When I asked my sister why she didn’t want to vote for the first viable female candidate for President – and a brilliant person as well – she told me that she “hates” Hillary Clinton. Stunned at the intensity of her feelings, I asked her “Why?” She proceeded to give me some reasons that I found startlingly similar to the Obama campaign talking points:
1. Sister: Hillary voted for the war in Iraq.
Me: Actually, she voted to give the President the authorization to go to war so the threat of war would force Saddam Hussein to allow UN inspectors back into Iraq, which it did. Bush, not Hillary, then decided to stop those inspections before they were done and invade Iraq. (I sent her an article in the Huffington Post by anti-war activist, former Ambassador and husband of Valerie Plame, Joe Wilson, about this. Joseph Wilson, Huffington Post)

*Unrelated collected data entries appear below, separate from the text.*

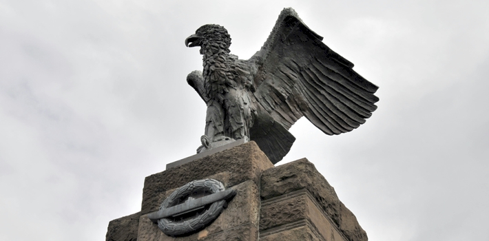 The landmark of the Baltic village Heikendorf, the mighty 4.60 m high eagle on top of the red 15.30 m high Weser sandstone pillar with the submarine-war badge is far visible.
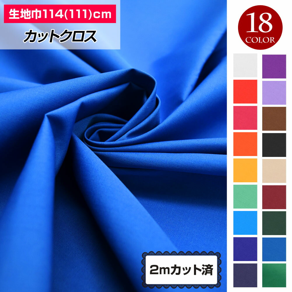 【即納】生地 無地 TCブロードカラー生地 (111cm巾x2mカット済) 18色展開 張りのあるしっかり生地 ベーシック 小物 雑貨 手芸 ソリッド 手作り 衣装 TC 入園 入学 体育祭 運動会 文化祭 ホワイト レッド イエロー ブルー ブラック LE210102 [M便 3/4]
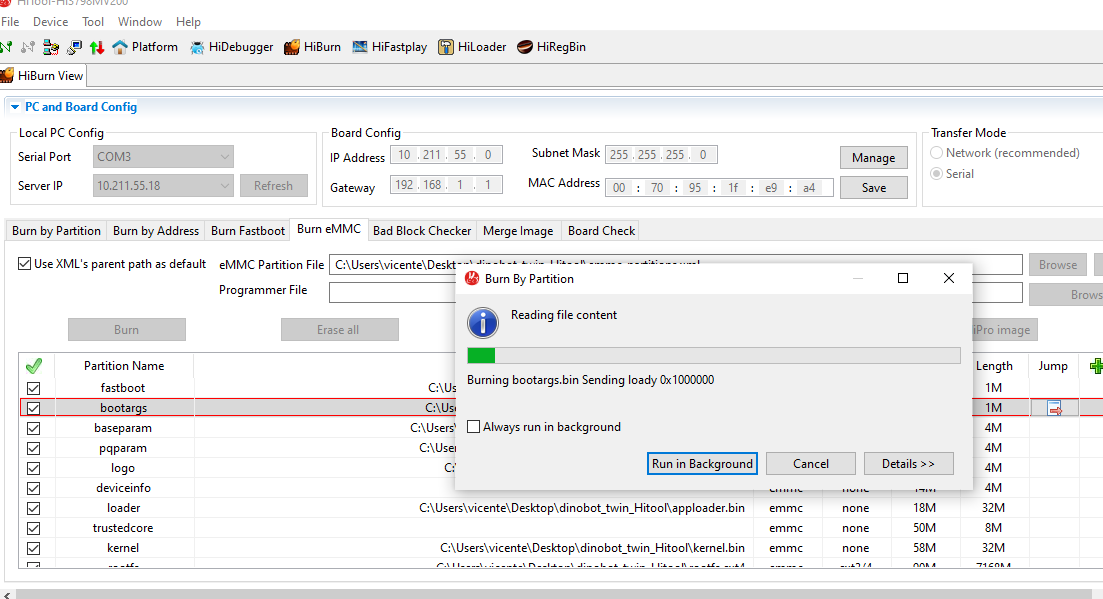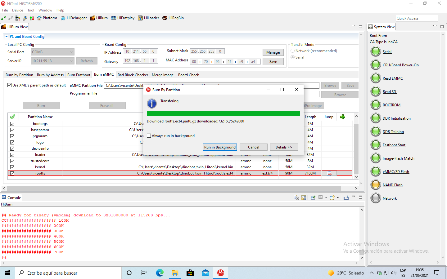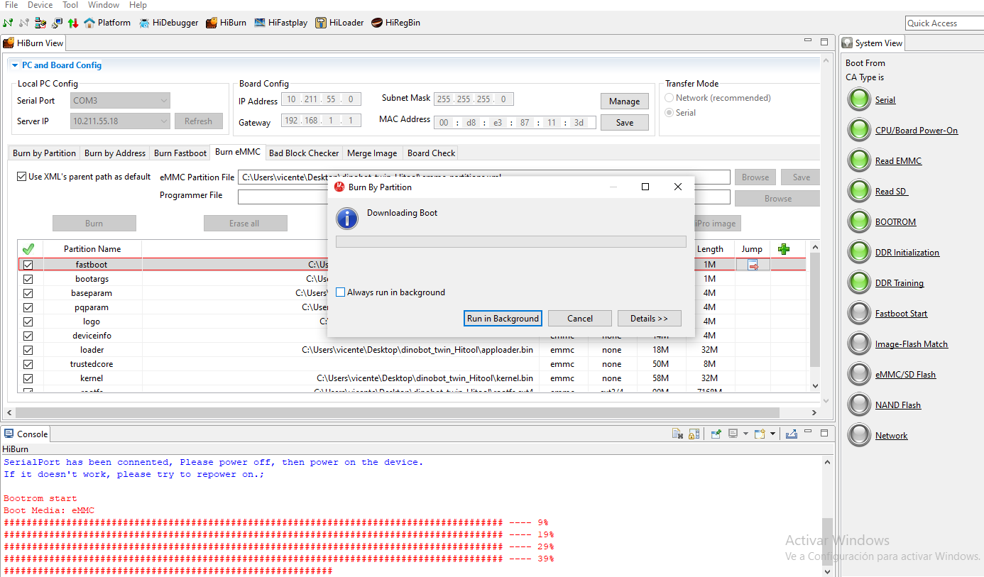 8. Pulsamos sobre browse y en la carpeta del firmware dinobot recovery seleccionamos emm_partitions
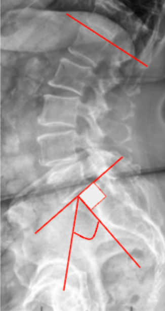 Measure the angle between these two lines—this is the Lumbar Lordosis (LL).

Sister: I don’t have time for this. She still voted for the war, and Obama was against the war.
Me: Obama didn’t have to make that tough decision. He wasn’t in the Senate. He wasn’t representing the state of New York that had been devastated on 9/11. He just gave a speech at an anti-war rally in Chicago, in his very safe, very liberal State Senate District. How much courage did that take?
Sister: Look, I’m inspired by Obama. Democrats have the right to be inspired too, you know.
Me: Okay, you like the guy. I am not crazy about him, myself. He seems like a snake oil salesman, selling hope and change. But I don’t “hate” him, and you still haven’t answered my question about why you “hate” Hillary.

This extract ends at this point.